* [Problem to work on]: Only the lines from the beginning of the material below through the line with "科研工作者在長白山國家級自然保護區的植物固定監測樣地測量記錄樹木生長數據(2024年5月9日攝)。新華社記者 許暢 攝" should be retyped exactly, and pictures are to be skipped.
━━ Data for this exercise
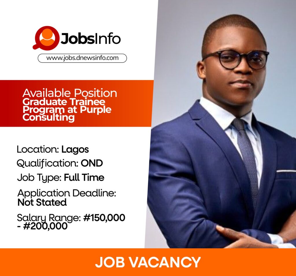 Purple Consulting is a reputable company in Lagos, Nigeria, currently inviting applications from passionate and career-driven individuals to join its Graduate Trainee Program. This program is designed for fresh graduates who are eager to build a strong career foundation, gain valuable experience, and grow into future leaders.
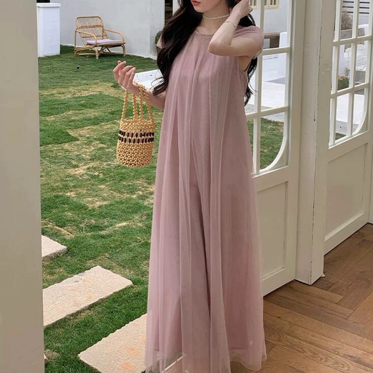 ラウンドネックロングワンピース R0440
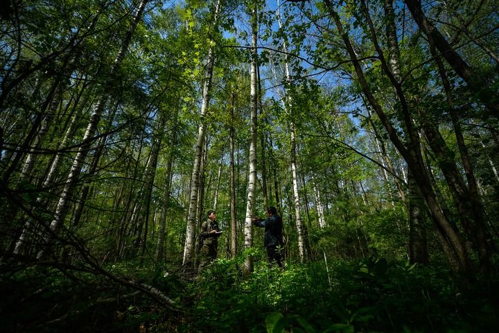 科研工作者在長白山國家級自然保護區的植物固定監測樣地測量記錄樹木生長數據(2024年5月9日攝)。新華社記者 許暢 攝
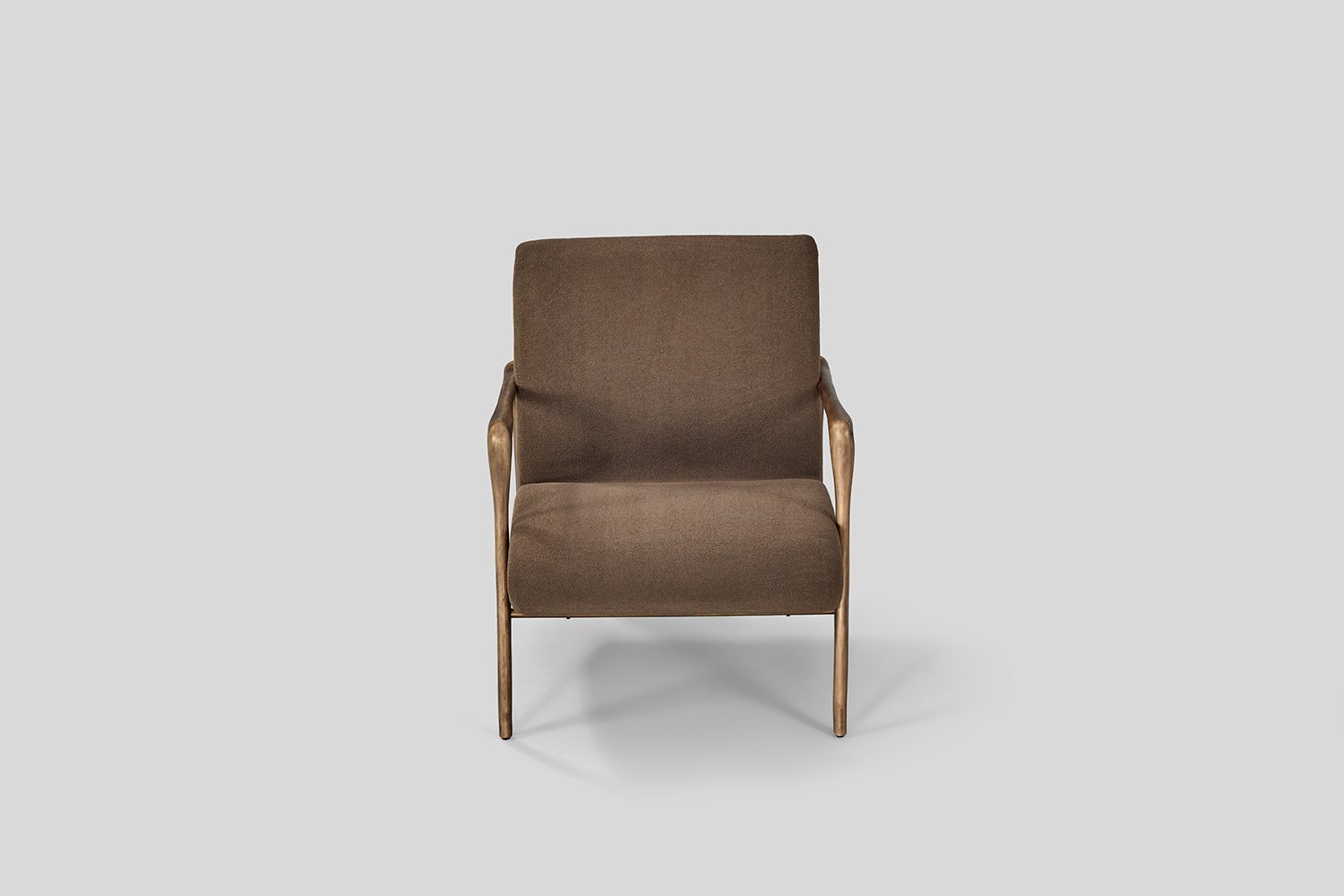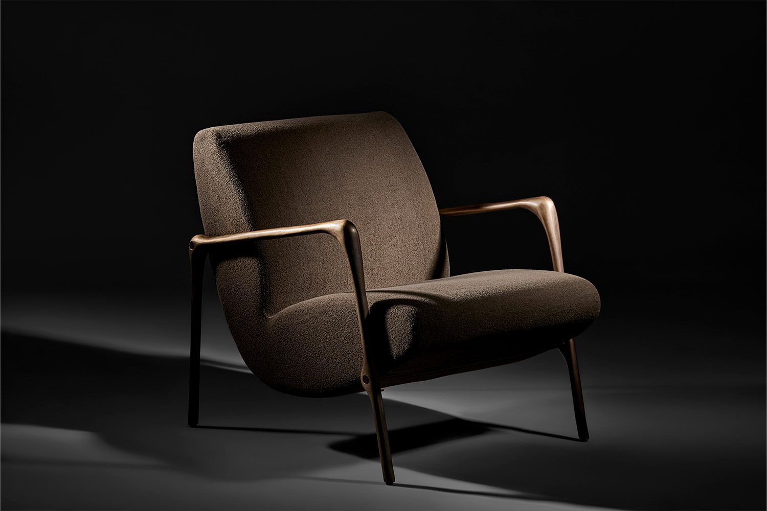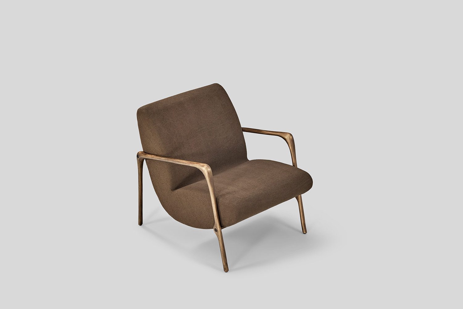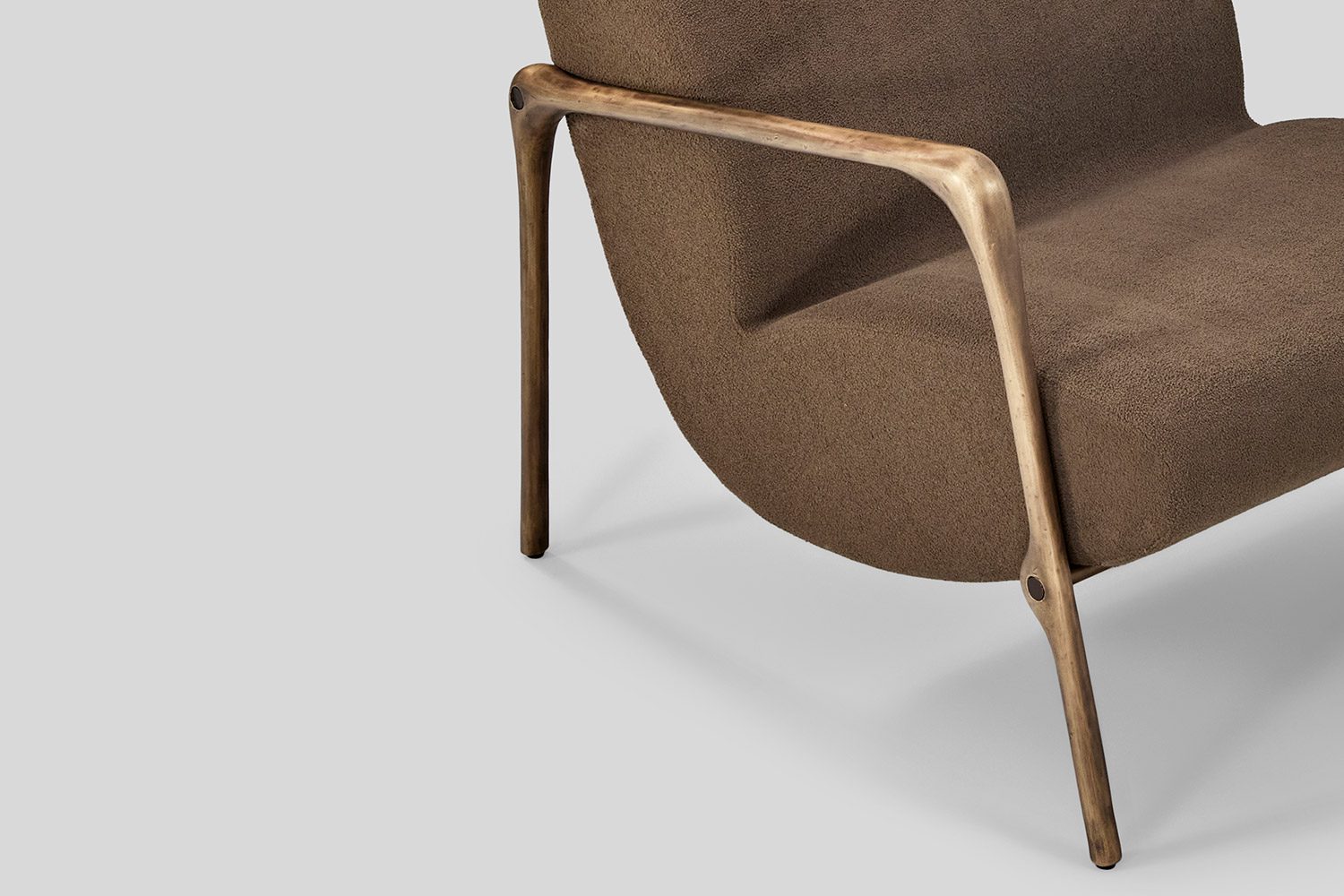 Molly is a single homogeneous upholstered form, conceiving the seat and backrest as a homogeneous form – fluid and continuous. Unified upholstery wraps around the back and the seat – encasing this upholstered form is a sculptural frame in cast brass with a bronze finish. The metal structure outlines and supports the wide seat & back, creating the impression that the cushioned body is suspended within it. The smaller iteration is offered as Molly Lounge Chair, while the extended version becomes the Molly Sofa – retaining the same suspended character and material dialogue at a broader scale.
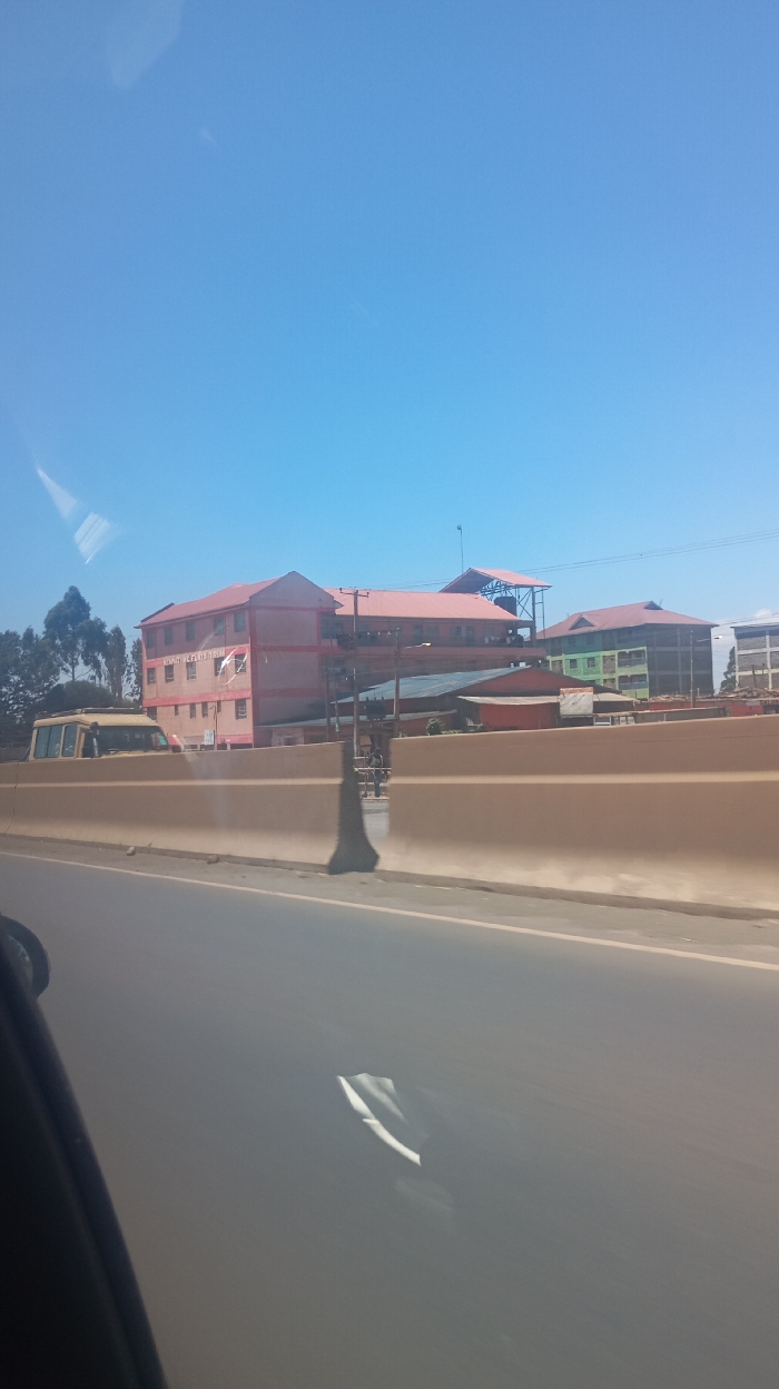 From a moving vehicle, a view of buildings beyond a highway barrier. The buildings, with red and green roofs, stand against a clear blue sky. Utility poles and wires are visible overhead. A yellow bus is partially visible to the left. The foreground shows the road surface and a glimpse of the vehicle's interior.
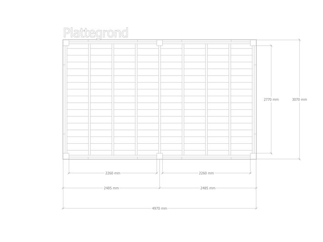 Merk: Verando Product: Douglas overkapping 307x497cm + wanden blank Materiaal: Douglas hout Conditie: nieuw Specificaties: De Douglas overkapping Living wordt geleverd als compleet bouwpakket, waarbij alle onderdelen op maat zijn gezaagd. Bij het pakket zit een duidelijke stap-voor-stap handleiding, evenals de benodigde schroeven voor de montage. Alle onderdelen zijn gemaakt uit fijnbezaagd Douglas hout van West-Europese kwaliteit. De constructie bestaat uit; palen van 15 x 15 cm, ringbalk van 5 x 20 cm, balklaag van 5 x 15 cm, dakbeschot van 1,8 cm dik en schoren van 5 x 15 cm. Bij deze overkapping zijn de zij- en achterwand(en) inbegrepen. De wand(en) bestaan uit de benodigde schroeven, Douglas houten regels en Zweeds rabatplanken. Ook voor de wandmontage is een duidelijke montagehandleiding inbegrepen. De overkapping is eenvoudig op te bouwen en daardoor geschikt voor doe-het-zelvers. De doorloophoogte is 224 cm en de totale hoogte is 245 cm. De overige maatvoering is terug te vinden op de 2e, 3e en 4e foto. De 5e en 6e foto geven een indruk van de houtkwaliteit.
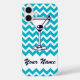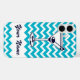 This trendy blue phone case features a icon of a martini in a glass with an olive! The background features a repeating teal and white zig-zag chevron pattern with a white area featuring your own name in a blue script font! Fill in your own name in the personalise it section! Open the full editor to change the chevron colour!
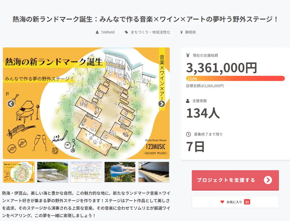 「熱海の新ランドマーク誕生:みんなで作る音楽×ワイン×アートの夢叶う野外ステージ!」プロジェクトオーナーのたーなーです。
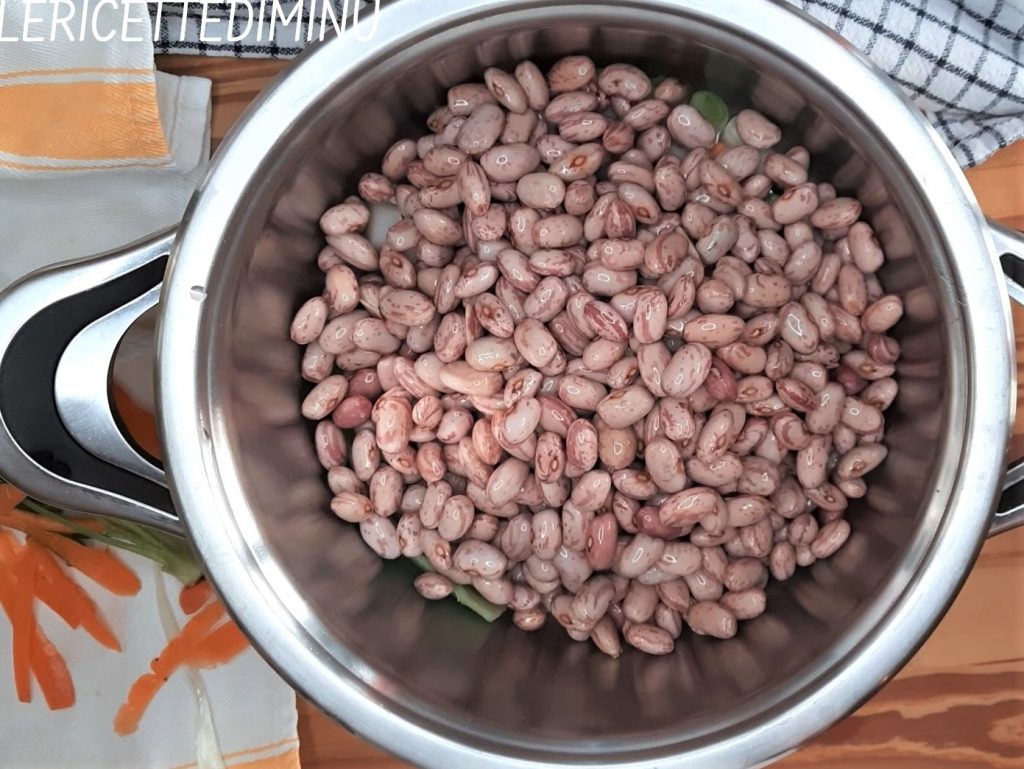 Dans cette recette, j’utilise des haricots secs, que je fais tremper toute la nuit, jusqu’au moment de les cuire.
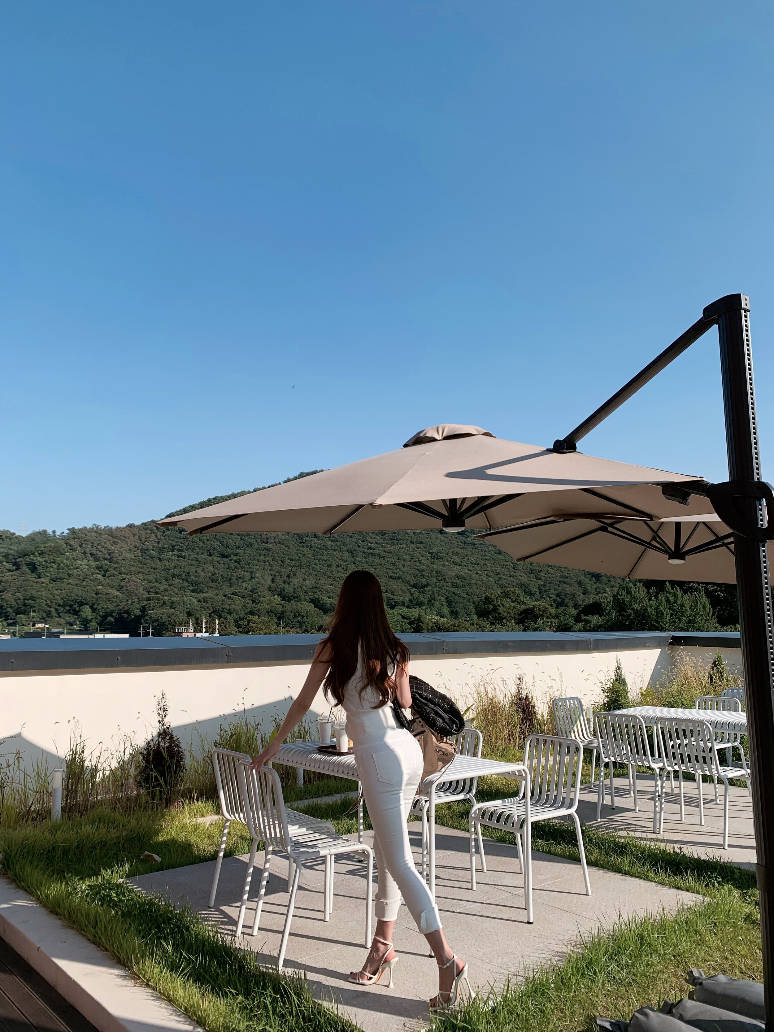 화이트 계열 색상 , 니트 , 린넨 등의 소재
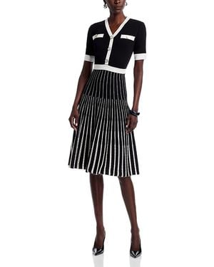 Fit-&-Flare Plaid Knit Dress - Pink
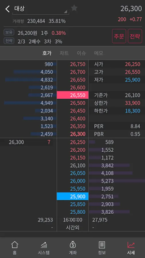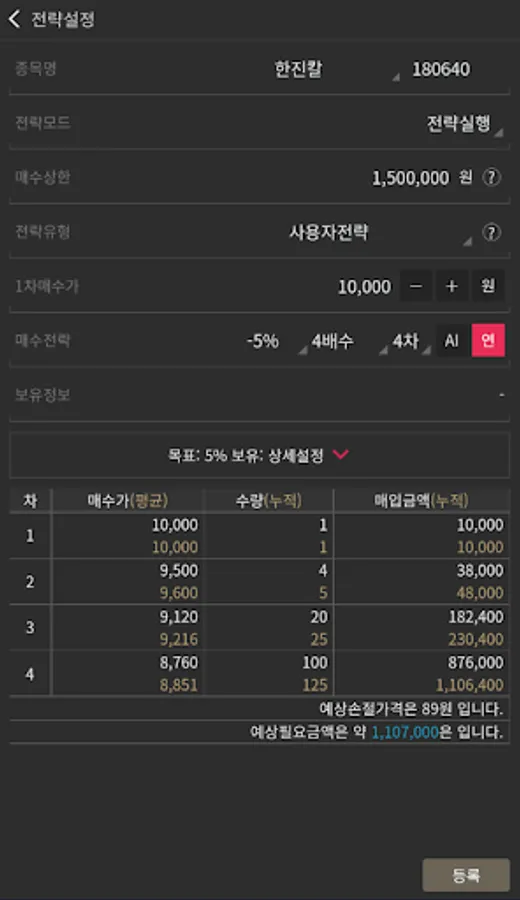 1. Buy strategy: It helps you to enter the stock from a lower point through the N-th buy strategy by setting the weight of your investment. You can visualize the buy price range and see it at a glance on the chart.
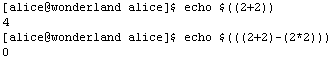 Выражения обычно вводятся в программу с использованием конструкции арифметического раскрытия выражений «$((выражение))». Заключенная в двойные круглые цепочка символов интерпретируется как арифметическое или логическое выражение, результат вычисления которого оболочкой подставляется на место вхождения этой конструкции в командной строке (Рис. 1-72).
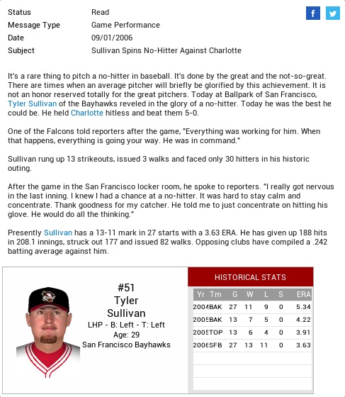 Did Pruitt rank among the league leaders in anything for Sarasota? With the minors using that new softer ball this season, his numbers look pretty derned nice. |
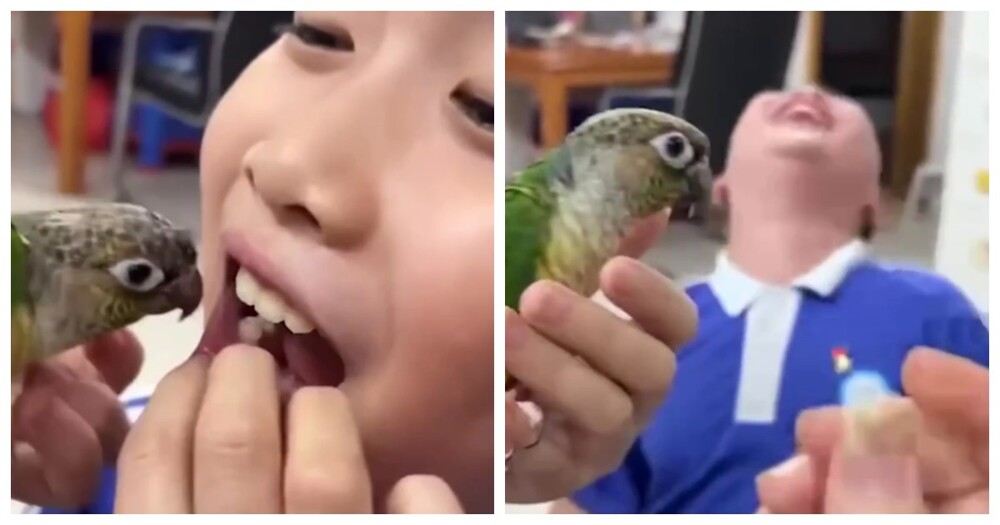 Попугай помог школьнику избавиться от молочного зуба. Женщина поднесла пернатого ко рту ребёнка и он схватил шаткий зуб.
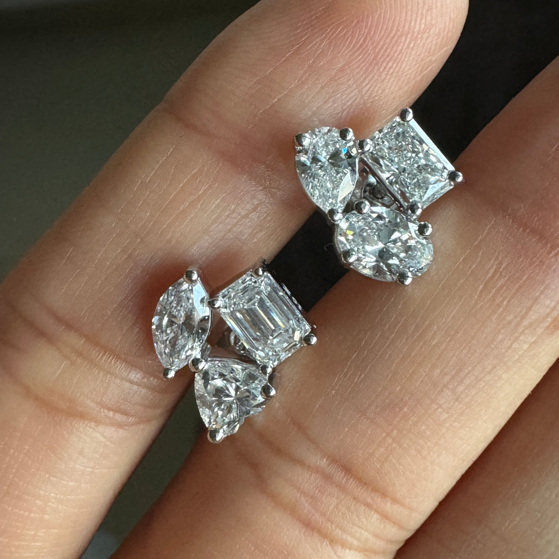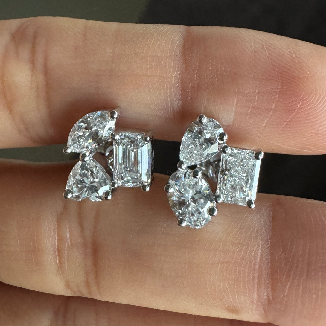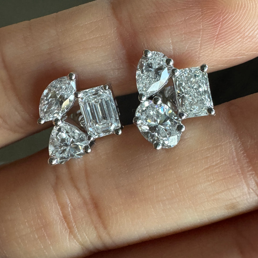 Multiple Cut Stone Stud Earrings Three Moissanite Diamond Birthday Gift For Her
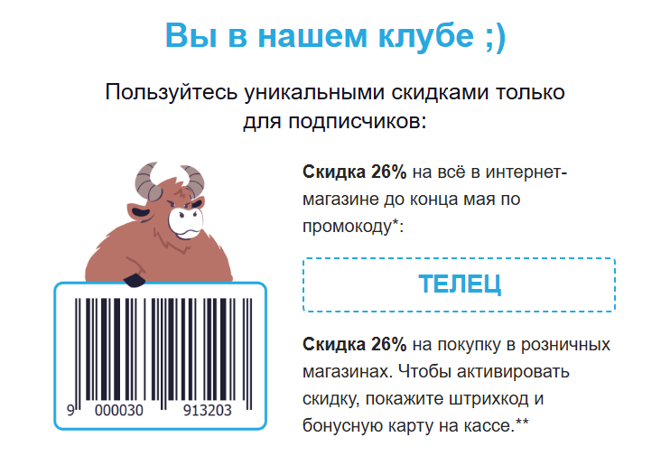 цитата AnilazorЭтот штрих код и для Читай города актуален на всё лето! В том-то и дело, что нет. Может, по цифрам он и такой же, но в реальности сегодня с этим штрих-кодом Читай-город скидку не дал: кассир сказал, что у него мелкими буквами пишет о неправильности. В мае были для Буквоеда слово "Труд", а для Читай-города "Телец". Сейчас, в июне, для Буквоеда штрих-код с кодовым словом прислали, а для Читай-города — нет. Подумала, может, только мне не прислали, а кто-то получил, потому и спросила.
━━━━
* [Response to the exercise]:
 Purple Consulting is a reputable company in Lagos, Nigeria, currently inviting applications from passionate and career-driven individuals to join its Graduate Trainee Program. This program is designed for fresh graduates who are eager to build a strong career foundation, gain valuable experience, and grow into future leaders.
 ラウンドネックロングワンピース R0440
 科研工作者在長白山國家級自然保護區的植物固定監測樣地測量記錄樹木生長數據(2024年5月9日攝)。新華社記者 許暢 攝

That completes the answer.